Are the courts just a vehicle for statism? That is what they are in a Flenser world. Like mid-evil Bishops of the Catholic Church who ruled on the proper interpretation of another sacred document, while they sent transgressors to the rack.

There is no arguing with the narrow minded and myopic. For all their strict interpretation and fundamentalism, what they lack is fundamental logic, common sense, and basic human decency.

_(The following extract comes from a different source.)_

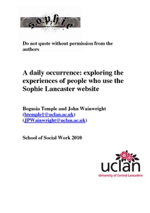 Temple, Bogusia and Wainwright, John Peter orcid iconORCID: 0000-0002-8190-0144 (2010) A daily occurence: Exploring the experiences of people who use the Sophie Lancaster website. Discussion Paper. Sophie Lancaster Foundation, Preston, Lancashire.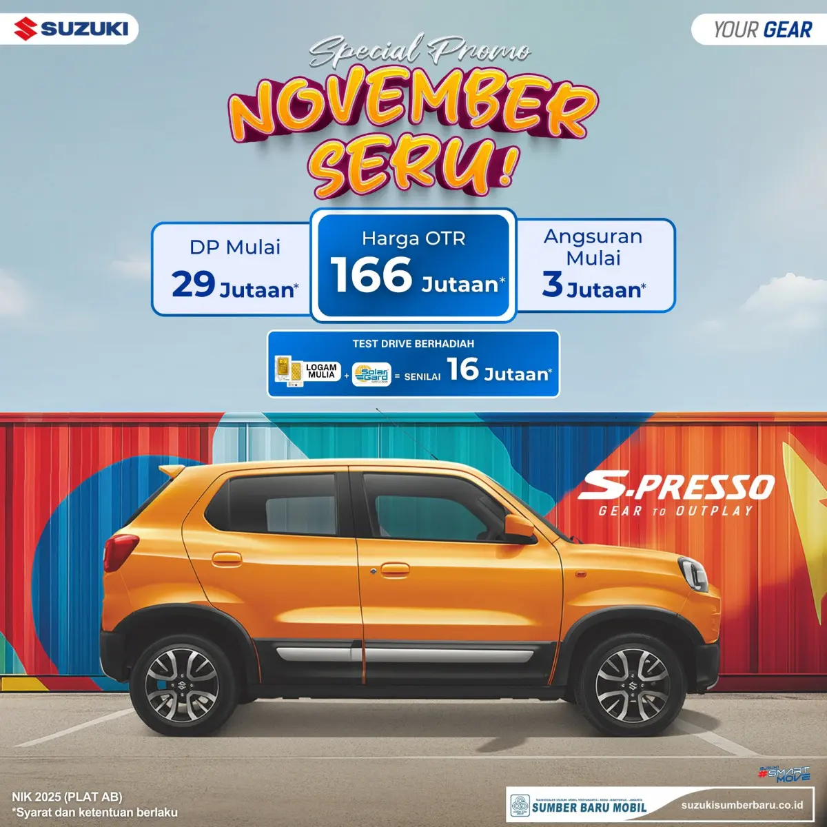 TINGGAL 12 HARI! Promo S-Presso DP 29 Juta + Hadiah 16 Juta di Suzuki Bantul!

Frank   ·  December 3, 2010 08:51 PM

To say that M. Simon approves of the socially liberal judges who wrote Raich because he criticized Scalia's concurring opinion in Raich is a preposterous claim. Scalia sided with the liberal majority, and it was quite clear that Simon disagreed with them all, but was especially disappointed in Scalia. How on earth does that constitute approval of the liberal majority?

Oh, I forgot. Simon is a "bigoted half-wit."

How very persuasive.

Eric Scheie   ·  December 5, 2010 12:30 AM

I think under the circumstances "bigoted half-wit" is an appellation I gratefully accept.

And Eric knows me well enough. I dislike the concurring opinions on Raich. But I despise Scalia.

When it comes to Constitutional fundamentalism I like Thomas. When the history of this era is written Thomas will go down as one of the very best in at least 100 years. And what he has going for him is something the other Justices are unable to get. Simplicity.